Healthy Choices PE Class

This was a great lesson and great modelling of enthusiasm and excellent teaching strategies in the gym.

Daniella was so funny and so into her warm-up and Sasha was so much fun when explaining the game and Para using her excellent music skills was so wonderful. This is the first chance we have had this year to hear Para sing! It is so much fun to see everyone being their authentic selves. Students respond to this really well so I guess if you are ever feeling frustrated just get back to the basics and get back to what you love. Teach from your heart and your enthusiasm for the subject will shine through. Try and develop enthusiasm for all of your subjects, MATH can be fun and Science can be fun and everything is fun!

Healthy choices are great, I loved acting out the sugar rush and veggie balance. It was an active way to help us feel the effects of sugar and learning through full body movement. I want to use this in all of my classes and your lesson reflected a cross-curricular approach, as well as the new curriculum of teaching health in PE.

2 thoughts on “Healthy Choices PE Class”

  1. I agree, Sam, the use of humour and props in the health literacy team teach really brought vibrance and interest to the health literacy activities. I like the food group cards as well, as they turn out to be a wonderful cross-curricular resource – I will keep them in mind when I am teaching nutrition. I have taught a grade 4 nutrition class in the past doing a jeopardy version of “Hunger Games”, which is a fun group exercise for testing what students have learned from the teacher’s lectures. I was also so happy to see Para incorporating music into PHE! I would have liked to use my alto recorder for outdoor ed, but it was threatening to rain.

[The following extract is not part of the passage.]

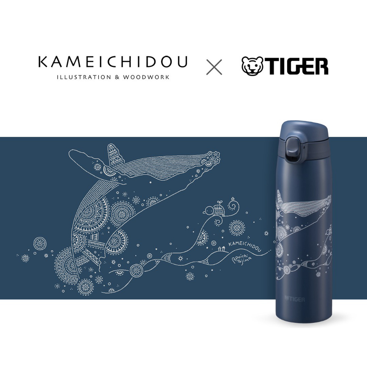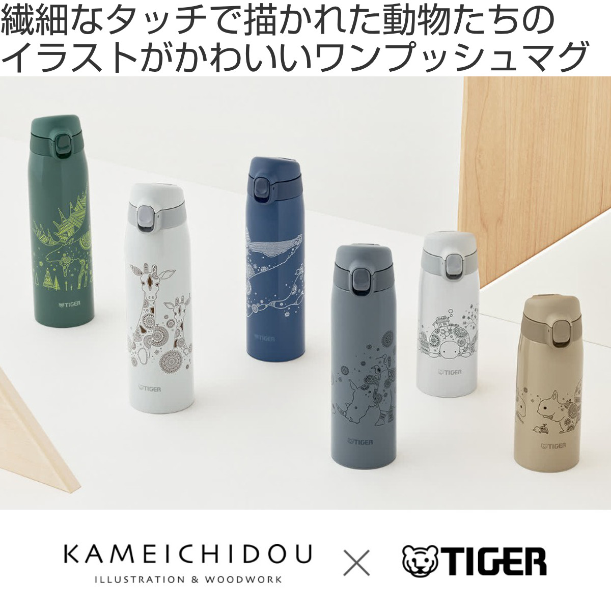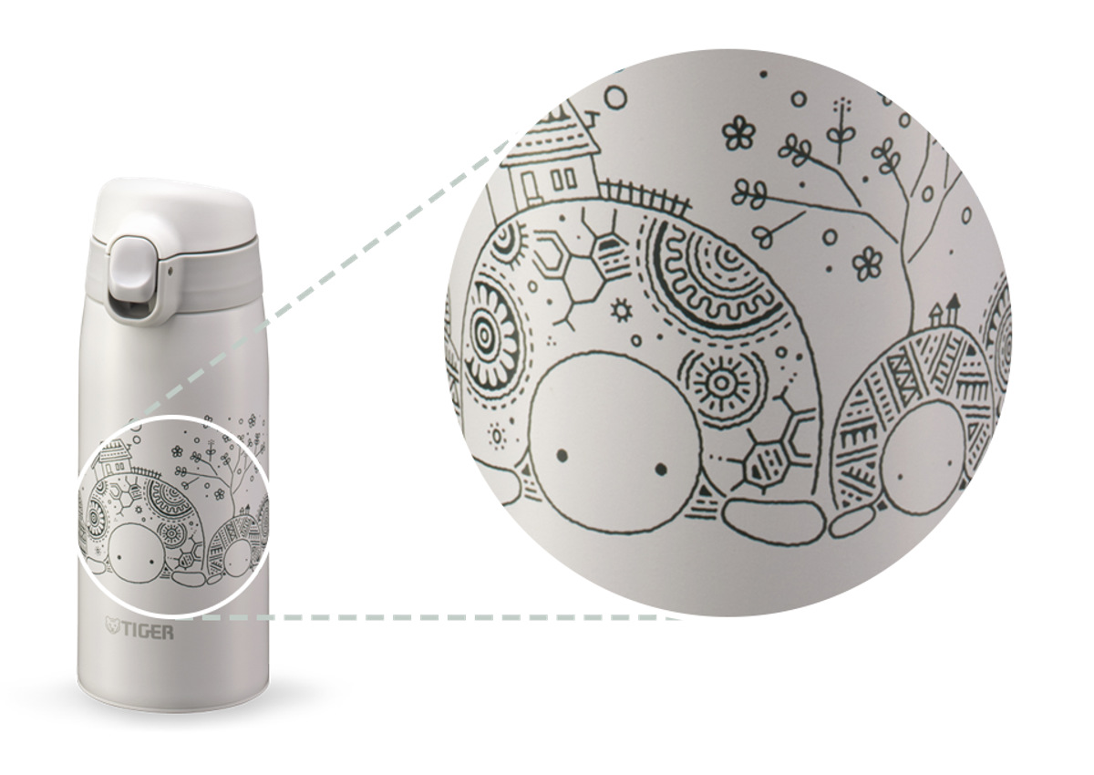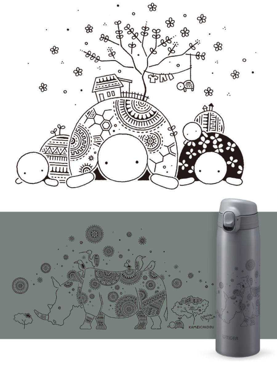 「かめいち堂」は、かめをはじめとした様々な動物を描く作品で人気のイラストレーターです。メインの動物の周りには、ほのぼのと温かくも、細かい模様や草花が水筒本体に描き込まれています。かめいち堂のオリジナルデザインがお楽しみいただけます。

    I really enjoyed the individual group teach focused mainly on yoga as well. I particularly liked the relation of poses to animal roles, which I believe would engage younger students in the activity more. I remember participating in a yoga class geared for grade 9 students which did not work well because the majority of the time was spent on meditation and breathing exercise. Such a format may work for an adult audience, but these teenagers became bored very quickly, and so there was much giggling and lack of focus. This experience can translate to elementary educators who wish to use yoga in their PHE classes as well: yoga may be a mindful practice, but do not focus on this aspect to the point that student engagement is lost. The group kept a relaxed yet rigorous pace, limiting breathing and meditation to a few minutes in the beginning, middle and end of the presentation, which I feel would be an appropriate yoga class format for elementary students as well.

    Congratulations to these groups for teaching under a huge time constraint, this session tested your time management and you delivered very well nonetheless.

  2. Sam, I agree, the health and nutrition group was so creative and fun while exposing us to important knowledge. I loved Daniella’s warm up and I thought it was fun and really effective in getting an important message across to the primary grades specially. The element of acting and dramatization will further facilitate their understanding. I really loved their use of visuals and props, which I believe got us very engaged. The cool down was amazing, and actually quite calming and relaxing. Since I am not musically talented, I could even make use of technology and CD’s if I wanted to implement a warm up in a song form. I am really happy that health and nutrition is taught in PE, because after all, our physical, emotional, and mental health is all interconnected. Nutrition and hydration choices support different activities and one’s overall health. I think sleep is another important topic that should also be discussed as part of health education as it is a practice that promotes health and well-being.